В какой мере исход войны зависит для Фукидида от политического руководства, которому военное явно уступает, показывает знаменитый отрывок во второй книге82, где после речи Перикла — речи, где тот ободряет уставший от войны и чумы народ и призывает его к стойкости, — автор, предвосхищая события, противопоставляет этому крупному лидеру всех позднейших афинских политиков. Как в войне, так и в мире, до тех пор, пока он оставался во главе государства, он надежно охранял его и искусно вел по узкой линии между крайностями. Он один правильно понял задачу, которую война против пелопоннесцев ставила перед Афинами. Его политика заключалась в том, чтобы не ввязываться в большие предприятия, усиливать флот, не стремиться во время войны к расширению территории и не возлагать на государство бремя ненужного риска. Однако, жестко заявляет Фукидид, его преемники поступали прямо противоположным образом.

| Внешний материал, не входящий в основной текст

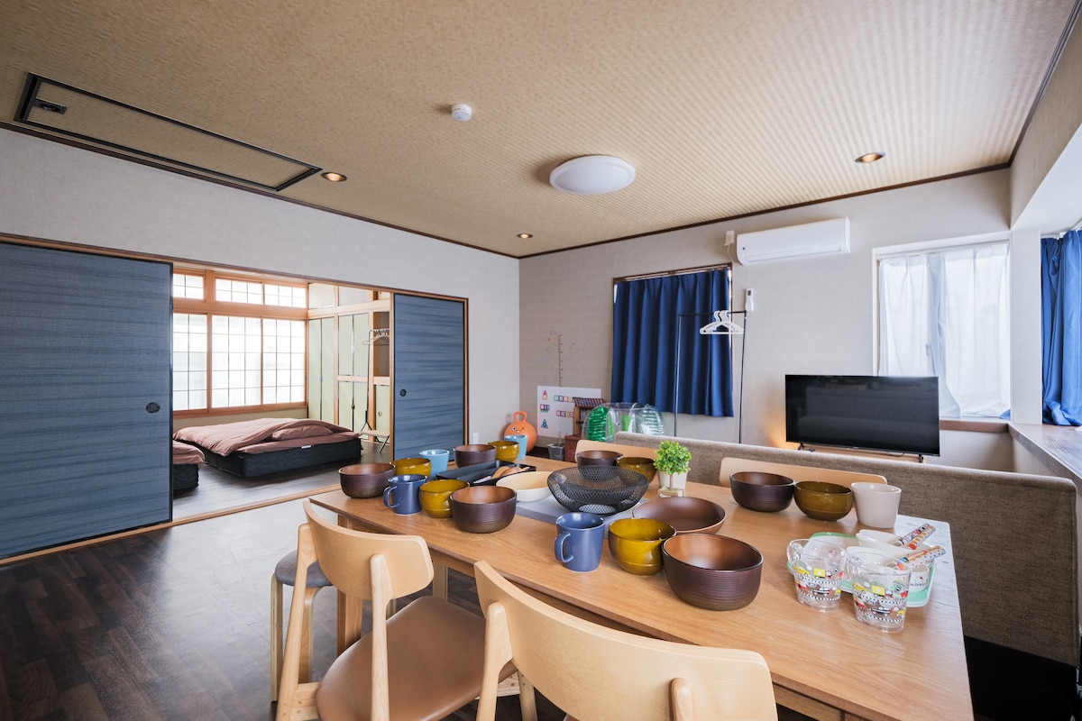 鷲宮駅まで、150m 最大8名宿泊 固定wifi アパート2階部分全体が宿泊場所です。 1階でヘアカット店が営業していますが、 夕方以降は営業しておらず一棟借りのように使えます。 ■予約時のご注意点 ①予約する際、正確な宿泊人数で予約をお願いします。 人数分の布団、リネン、アメニティしか用意されていません。 ②アンテナの調子が悪く、地上デジタルTVの視聴ができません。 youtubeは視聴可能です。 ■滞在時のご注意事項 夜21時以降、騒がしくすることはご遠慮下さい。 駅が近いため、電車通過音が聞こえることがあります。 音に敏感な方は、気になる可能性があります。 【最寄り駅】 東武伊勢崎線 鷲宮駅(わしのみやえき)徒歩2分 スーパーマーケット カスミ:徒歩1分 駄菓子屋:徒歩2分 カフェ:徒歩2分 らき☆すたファン会員制飲食店:徒歩2分 クリエイト薬局 久喜鷲宮店:徒歩5分 ■その他特記事項 防虫対策には注意しておりますが、害虫が発生した際には備え付けの殺虫剤でご対応をお願いしています。 ■届出番号 M110056039号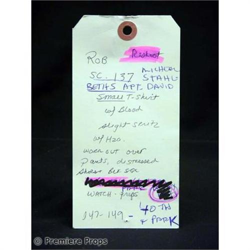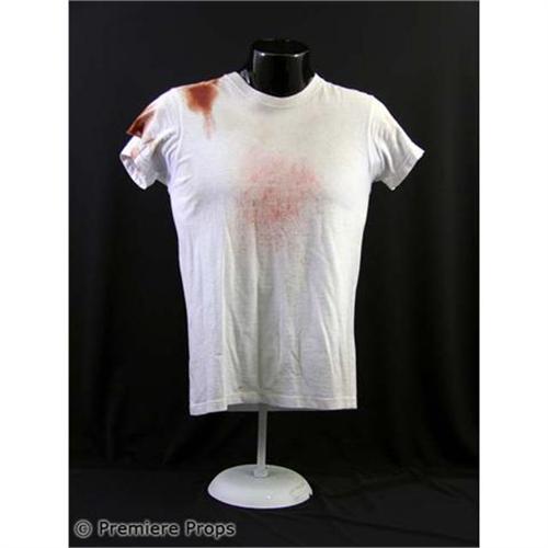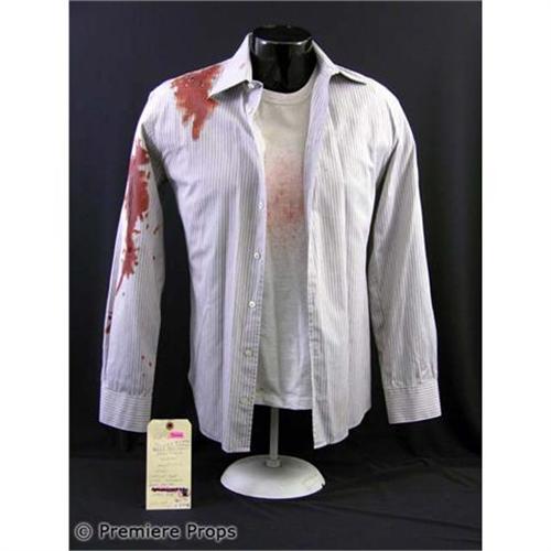 CLOVERFIELD - Some Thing Has Found Us. Straight from the set of the furious monster movie, this is Rob's (Michael Stahl-David) screenworn hero costume. This costme features a blue with white stripes button up collared with blood stains and holes on the right shoulder "John Varvatos USA" shirt" and a white with dirt and blood stains on right shoulder and front "Calvin Klein" t-shirt. Includes the original wardrobe tags! Don't hesitate to add this key costume to your movie memorabilia collection today! (CLF1031)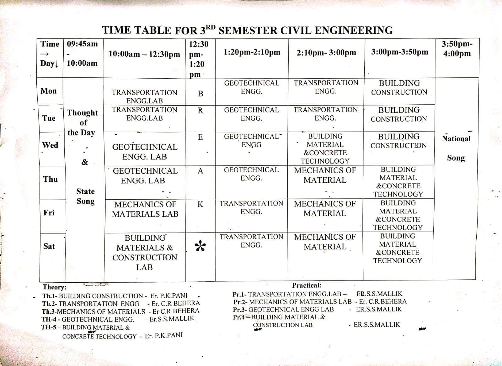 Time TABLE 4TH SEM CIVIL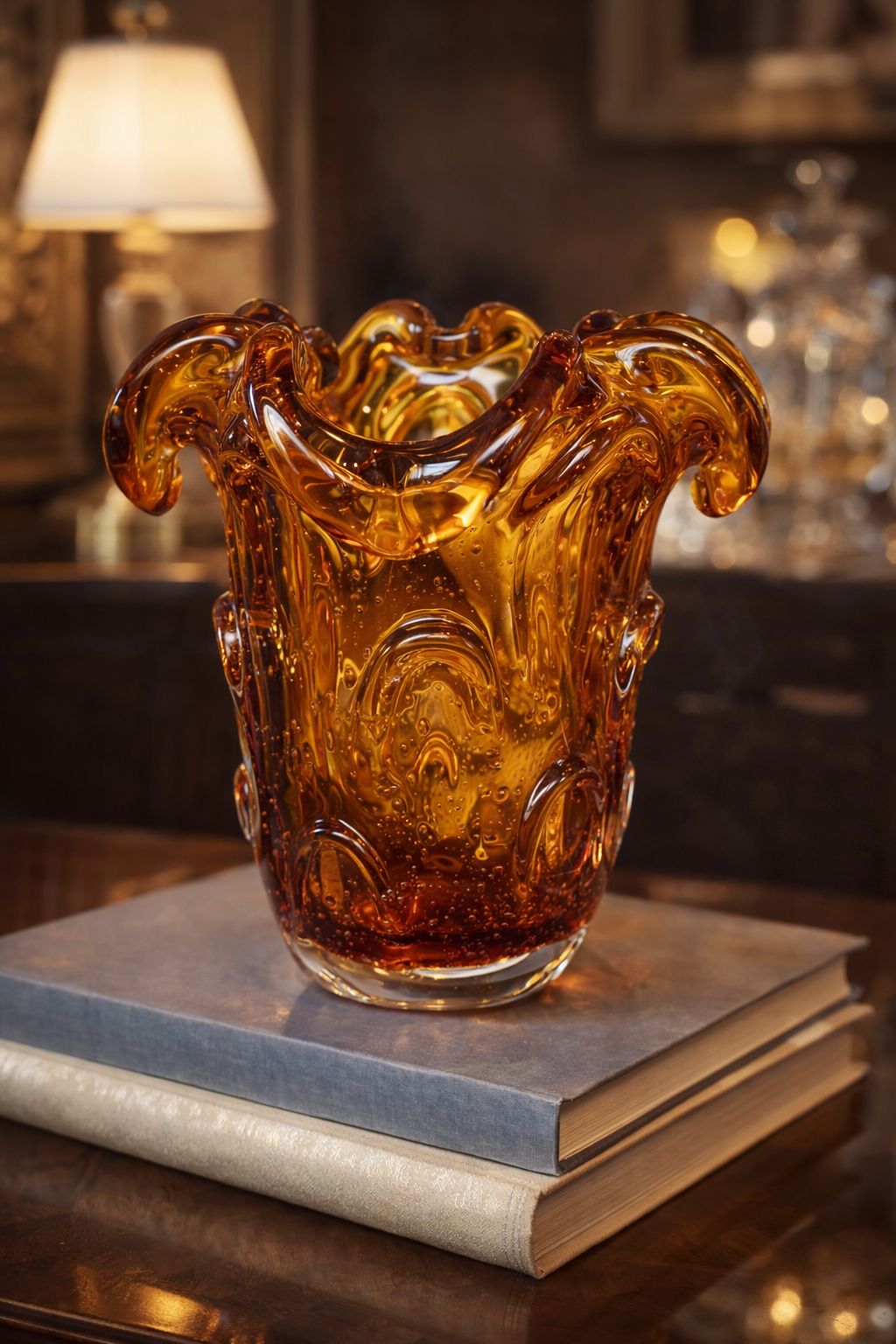 Esta jarra decorativa foi selecionada para o acervo por sua capacidade de fundir o design orgânico com a sofisticação do vidro artístico. Com um tom âmbar profundo e bordas onduladas que remetem ao movimento fluido, a peça funciona tanto como um utilitário de destaque quanto como um objeto de arte autônomo, trazendo calor e personalidade a aparadores e mesas de centro.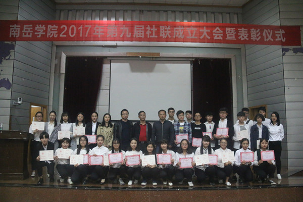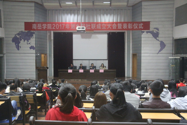 大会在观看上一年度社联活动相册PPT中拉开帷幕。随后,由周华副书记宣读《beat365官方网站2016-2017年度大学生社团联合会“优秀社团成员”、“优秀社团干部”及“优秀社团”表彰决定》,由团委肖炜书记宣布了新一届社团联合会主要学生干部名单。与会领导和老师为现任社联主要学生干部颁发聘书,为优秀社团、优秀社团成员以及优秀社团干部代表颁发荣誉证书。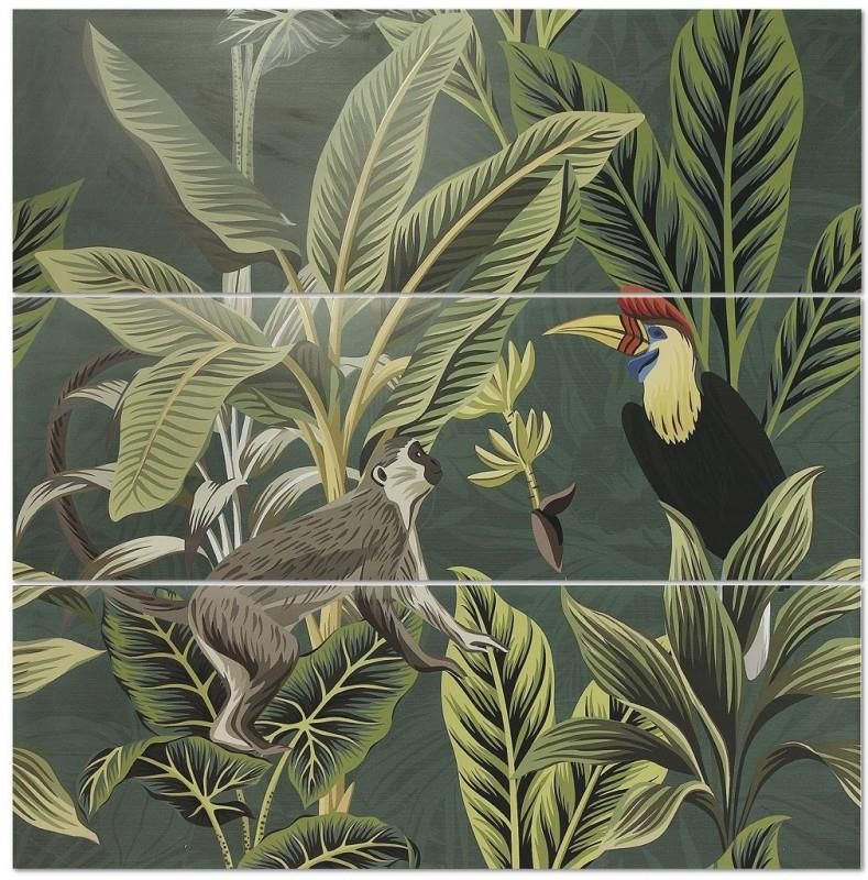 Opis produktu Uwaga! W obrębie jednego wzoru znajdują się 3 płytki sprzedawane w komplecie. W opakowaniu jest 1.44 m2. Decor DEF Toucan Green to matowe płytki dekoracyjne w formacie 40x120. Motywy roślinne oraz zwierzęce zabiorą nas w świat dżungli. Ich oryginalny wygląd ożywi każde wnętrze oraz doda mu wyrazu i charakteru. Rektyfikowane brzegi umożliwią zastosowanie minimalnej fugi, co zwiększy atrakcyjność całej kompozycji.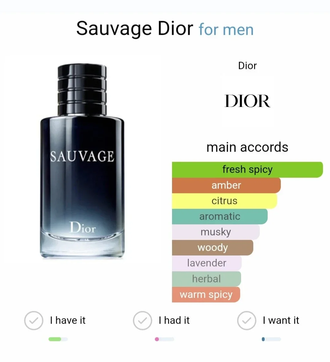 Le parfum d'une nouvelle frontière : une variation au sillage enrichi et enivrant qui célèbre la magie des grands espaces. « Sauvage est une partition infinie. Sa composition est si dense qu’on peut lui donner des éclairages inédits en la façonnant avec des nuances subtiles.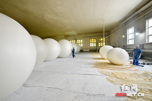 探空气球制作现场。
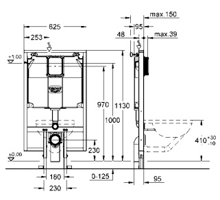 Hauteur 1,13 m (sans plaque de commande). Largeur 0,62 m. Pour les espaces petits ou étroits. Châssis en acier finition époxy . Mécanisme à déclenchement pneumatique. Réservoir 80 mm, 6/9l - Avec trappe de visite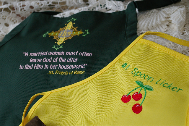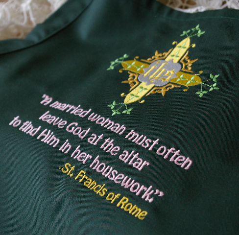 - One hunter green, twill adult apron with adjustable strap embroidered with an IHS cross and pink quote of St. Francis of Rome: "A married woman must often leave God at the altar in order to find Him in her housework."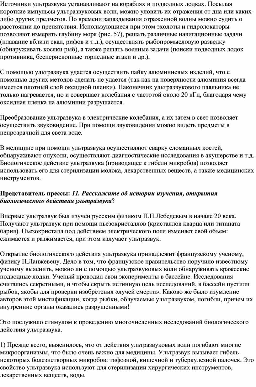 Представитель прессы: 11. Расскажите об истории изучения, открытия биологического действия ультразвука?

Они, исходя из личного тщеславия и ради личного обогащения, строили грандиозные проекты, не имеющие ничего общего с нуждами войны, которые в случае удачи приносили им славу, а в случае провала подрывали стойкость государства в войне83. Кто при этих словах не вспомнит об Алкивиаде, которого его благоразумный и неподкупный соперник Никий во время их спора по поводу сицилийской экспедиции характеризует именно так?84 Но как раз этот спор и должен показать читателю, что справедливости суждений и благородного характера еще недостаточно, — иначе Никий, которого Фукидид описывает со столь теплой личной симпатией, был бы прирожденным вождем. На самом же деле Алкивиад далеко превосходит его своими качествами вождя в собственном смысле этого слова, несмотря на то, что он увлек народ на опасный путь и не делал ничего, что не преследовало бы его собственные интересы. Но это был человек, «способный держать народ в руках», как скажет Фукидид позже, когда он высочайшим образом оценит заслуги Алкивиада перед лицом угрожавшей гражданской войны85.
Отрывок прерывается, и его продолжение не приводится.